___ Extracted information

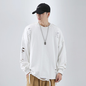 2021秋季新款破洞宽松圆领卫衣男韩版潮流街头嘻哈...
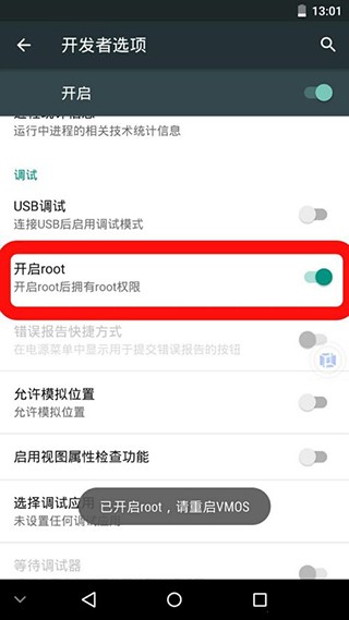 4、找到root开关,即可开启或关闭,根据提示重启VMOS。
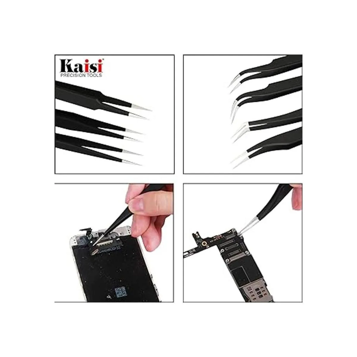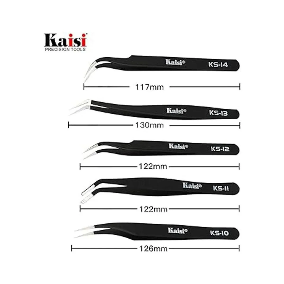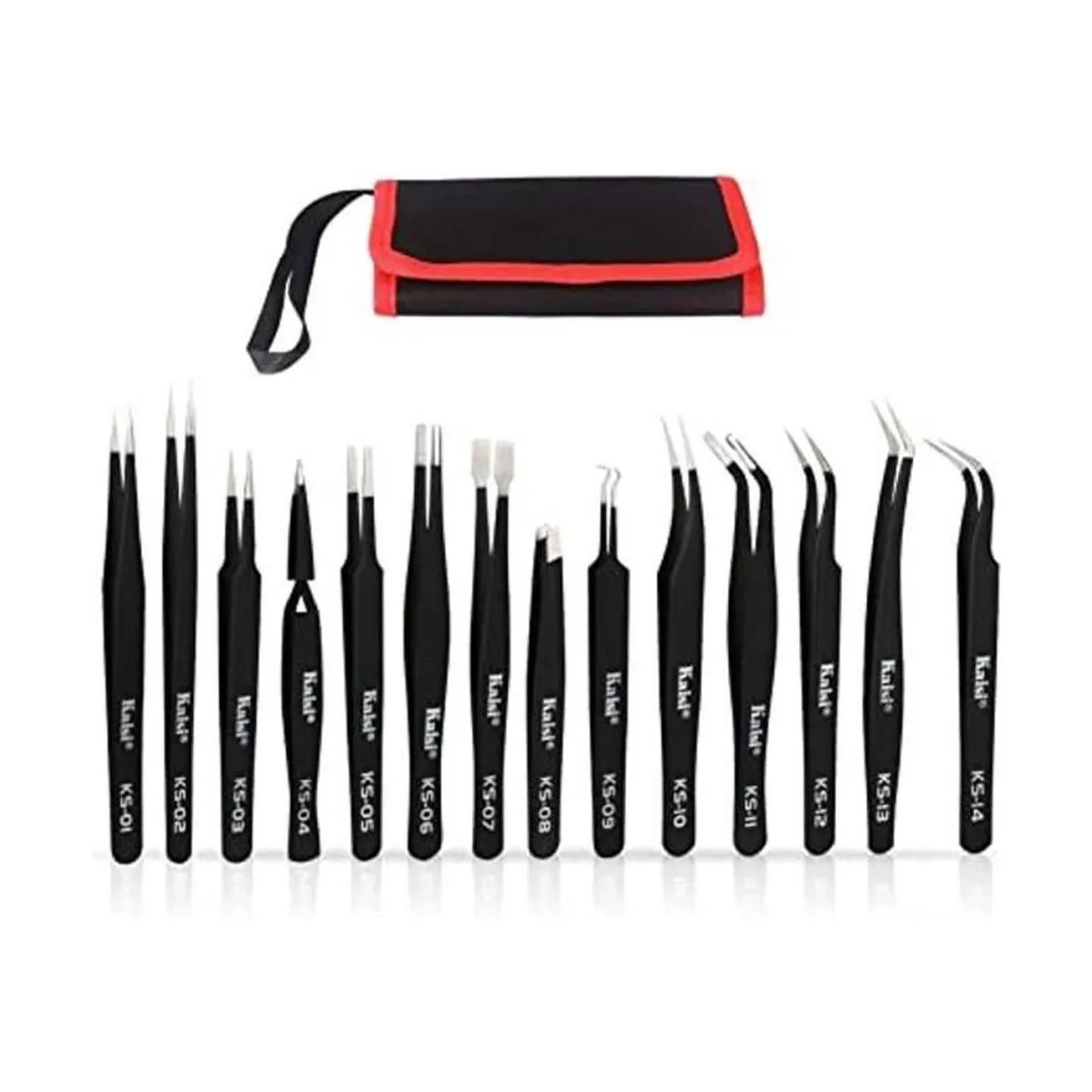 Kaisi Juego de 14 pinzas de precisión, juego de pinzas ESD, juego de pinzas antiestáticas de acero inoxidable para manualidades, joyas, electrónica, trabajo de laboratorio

______
___ Extracted information

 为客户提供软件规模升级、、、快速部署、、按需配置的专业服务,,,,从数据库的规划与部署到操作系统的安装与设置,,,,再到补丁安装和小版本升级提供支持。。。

______

- _What to produce_
Reproduce the lines above starting at the one with "2021秋季新款破洞宽松圆领卫衣男韩版潮流街头嘻哈..." and ending at the one with "Kaisi Juego de", both included, exactly and with no pictures.

- _Your response_
 2021秋季新款破洞宽松圆领卫衣男韩版潮流街头嘻哈...
 4、找到root开关,即可开启或关闭,根据提示重启VMOS。
 Kaisi Juego de 14 pinzas de precisión, juego de pinzas ESD, juego de pinzas antiestáticas de acero inoxidable para manualidades, joyas, electrónica, trabajo de laboratorio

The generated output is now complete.